Wednesday, March 11, 2009

Horde webmail

Following on from my last piece, today we're going to setup webmail using horde.

My previous webmail software was squirrelmail. It worked very well, but it was also very basic. I'd seen horde, and it did look pretty darn sexy so I started there this time around.

I downloaded horde groupware webmail edition, as this version is meant to be prepackaged and easier to roll out for specifically webmail related use.... which is what I needed.
Reading through the docs/INSTALL was a bit daunting, and it really suggested that hoard requires a proper database backend such as mysql... which was really a bit more configuration than I wanted for a simple webmail platform. Oh well.

I installed apache2, php5, mysql5 using yast.
Upon starting mysql for the first time it helpfully warned me about the default mysql security, and that the user accounts needed tidying up, which I did.

Setting up the apache vhost next was dead easy! I just can't believe how easy it was compared to previous attempts.
Suse provides a very well documented template in /etc/apache2/vhosts.d/vhost.template, and it worked first try.

I next ran the horde configure script from ./scripts/setup.php.
For some reason I ran into issues creating the initial mysql database using the script, so I had to manually pump the mysql setup script into mysql using
mysql -u root -p******* < /srv/www/vhosts/horde/scripts/sql/create.mysql.sql

With that done I was able to run the setup script again to simply to create the tables (rather than the initial DB too). This worked fine.

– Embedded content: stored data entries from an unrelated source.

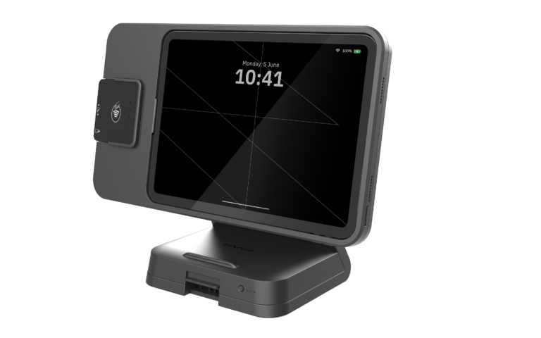 Unser bisher kompaktester und wirtschaftlichster Tablet-Ständer mit Hochgeschwindigkeits-Datenverbindung und integriertem Ladegerät.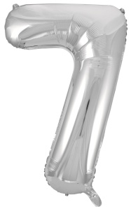Шар (34''/86 см) Цифра, 7, Серебро в упаковке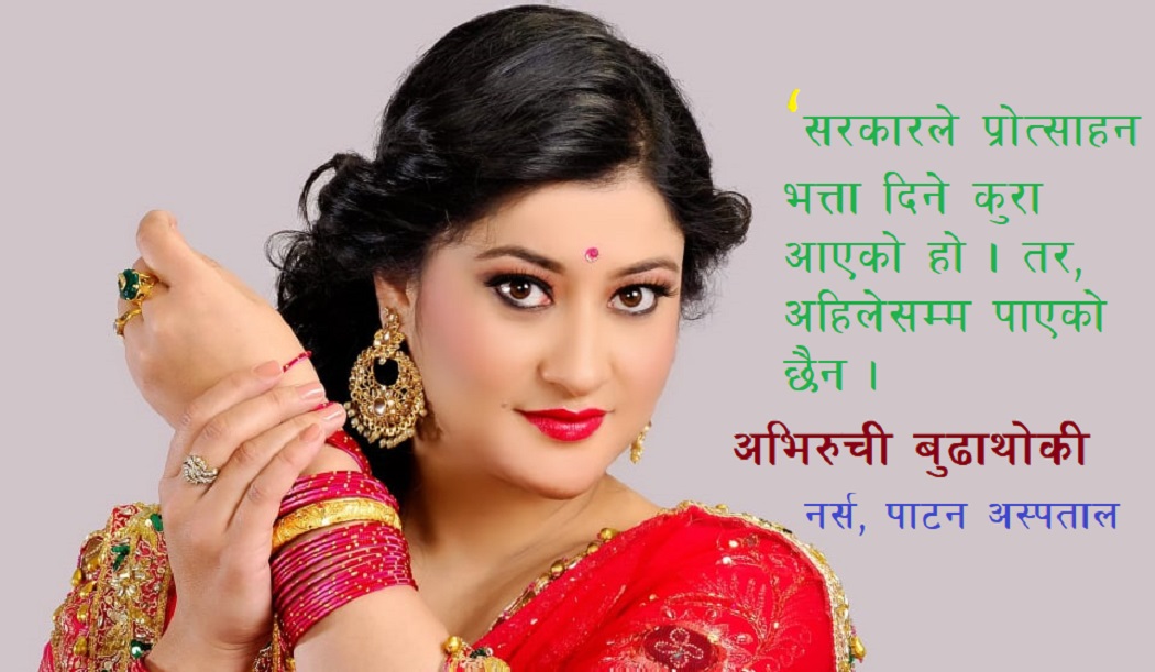 प्रोत्साहन भत्ता दिने कुरा आएको हो तर अहिलेसम्म हामीले पाएको छैन । हाम्रो अस्पतालमा कसैले पनि पाएका छैनन् । अस्पतालमा आएको भए त हामीले पाउनुपर्ने हो तर अस्पतालमै नआएपछि हामीले कहाँबाट पाउने ? सरकारले प्रोत्साहन भत्ता दिन्छु भनेर बोलेका कुरा कार्यान्वयन गर्न सकेन । कि त बोल्दै नबोल्नु, बोलिसकेपछि कार्यान्वयन चाहीँ गर्नुपर्छ ।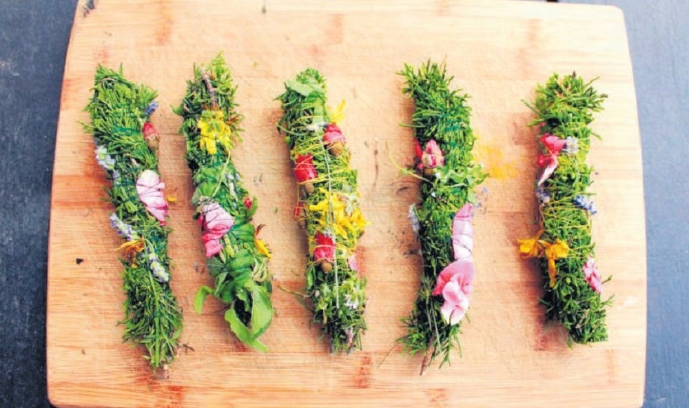 Existen varias formas, pero para mí la más simple es juntar un ramillete de las plantas escogidas para hacer nuestro incienso y bridarlas con una lana o yute u otro tipo de cuerda de origen natural, luego lo dejamos en un lugar aireado y a la sombra un mes al menos para que seque correctamente.
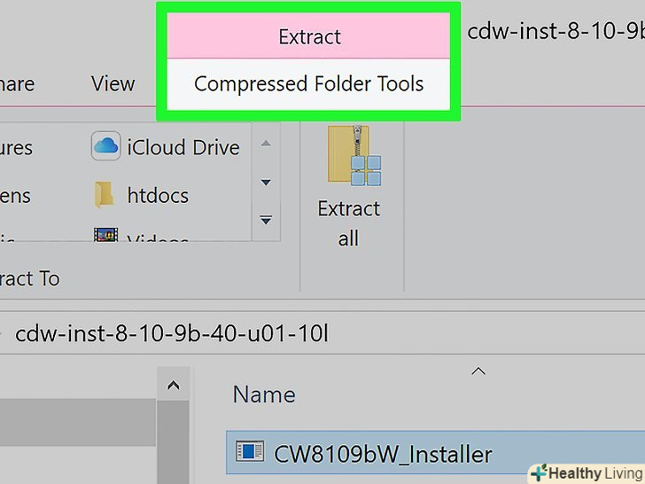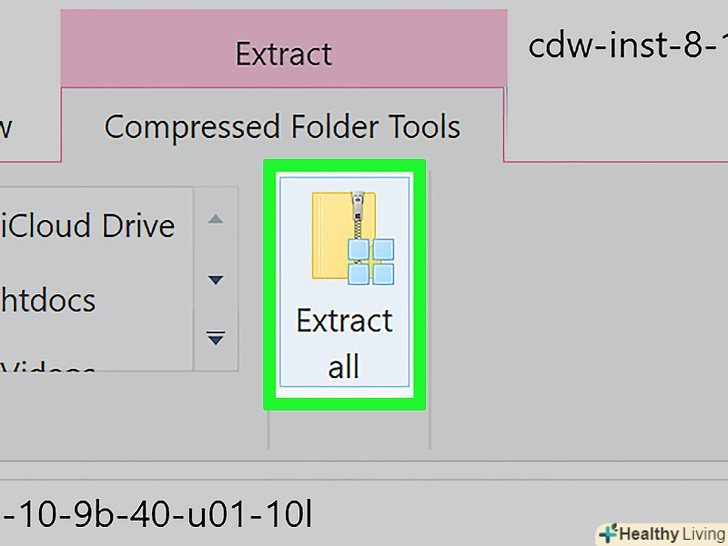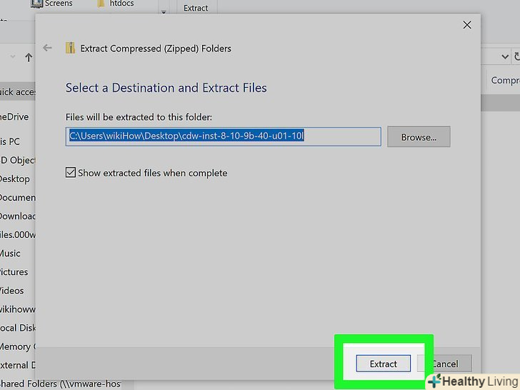 КлацнітьВитягти після запиту. Пункт знаходиться в нижній частині спливаючого вікна. Вміст Zip-архіву буде вилучено в звичайну папку, яка відкриється в новому вікні. Після вилучення можна запустити програму CameraWindow.- Не забудьте поставити прапорець "Показати витягнуті файли", інакше вам доведеться відкривати витягнуту (звичайну) папку, яка буде створена.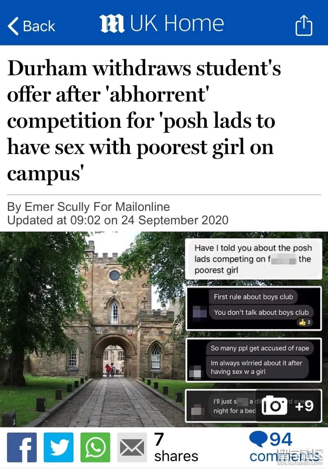 再有,2020年杜倫大學(xué)的一名新生在社群中公然討論“泡妹比賽”,在對這名學(xué)生令人“極其厭惡”的言論進行調(diào)查后,杜倫大學(xué)收回了錄取的offer。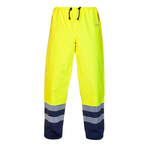 Elasticated waist with draw cord Side pockets with hook and loop fastening Adjustable leg opening with press stud closure Mesh polyester lining Simply no Sweat (SNS) 210gsm Polyester laminate fabric Highly breathable providing great comfort Durable and cost effective Smooth textile finish Conforms to EN ISO 20471:2013 Class 1 High Visibility Conforms to EN343:2003+A1:2007 Class 3:3 Conforms to EN ISO 13688:2013 General requirements for protective clothing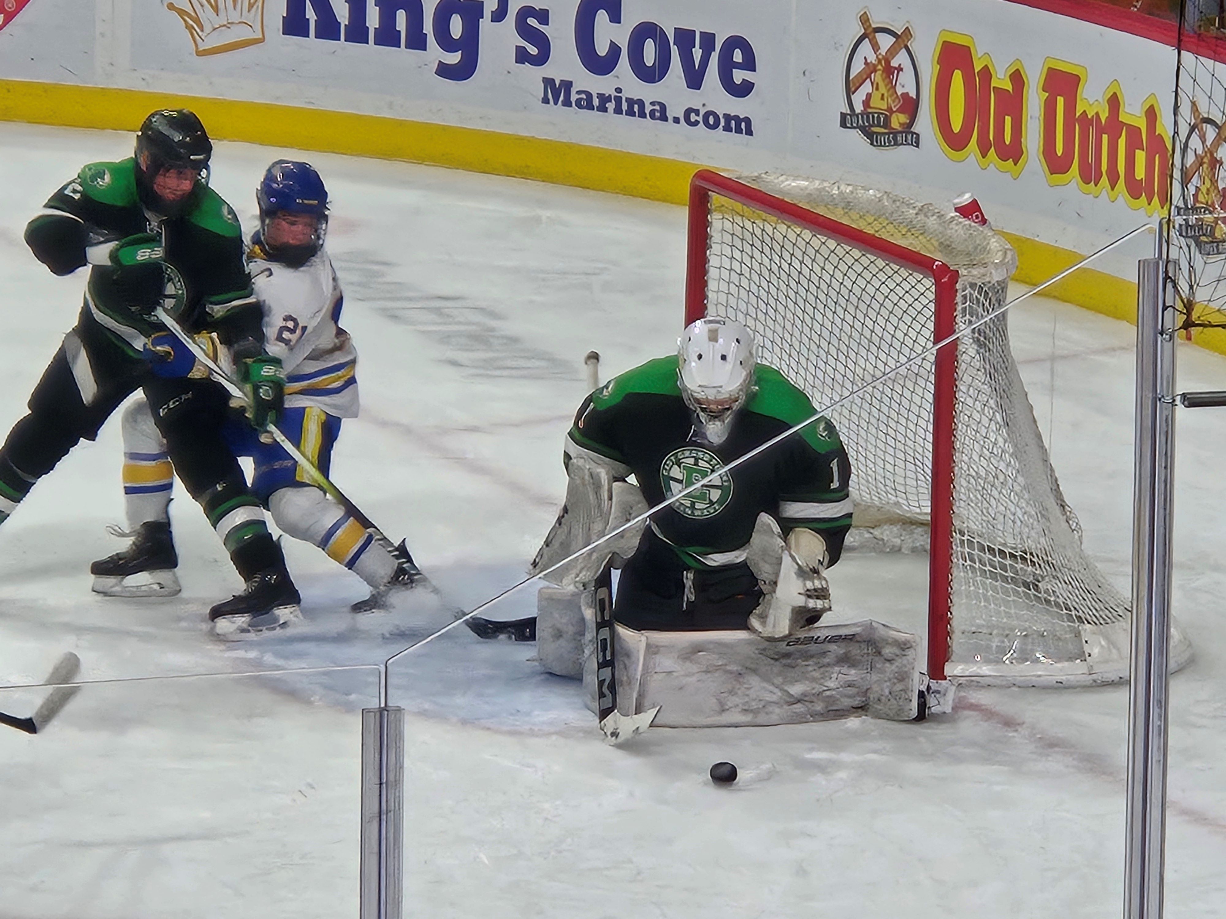 As the game came to a close with just five minutes remaining, East Grand Forks goaltender Noah Schindele hadto be sharp with a series of saves to keep the slim lead.

The default horde mysql access is using a preset username and password pair, so using the mysql command line I went into mysql and created a user account specifically for horde to use, with a different password.
Finally I reran the configure script again to use the new username.

The login worked correctly. As it happens my imap server is on localhost and presumably that's where horde looks for it, which is fortunate as I wasn't asked about that at any time. It's probably in an easy to change file somewhere though.

And that's horde. Day to day use and configuration is something I'm sure you can work out on your own :)

2 comments:

Unknown said...

The quick/easy way to get horde webmail: SME server from http://www.contribs.org.

Griffous said...

Cool, I haven't come across SME server in my travels, but I'll be sure to check it out in more detail.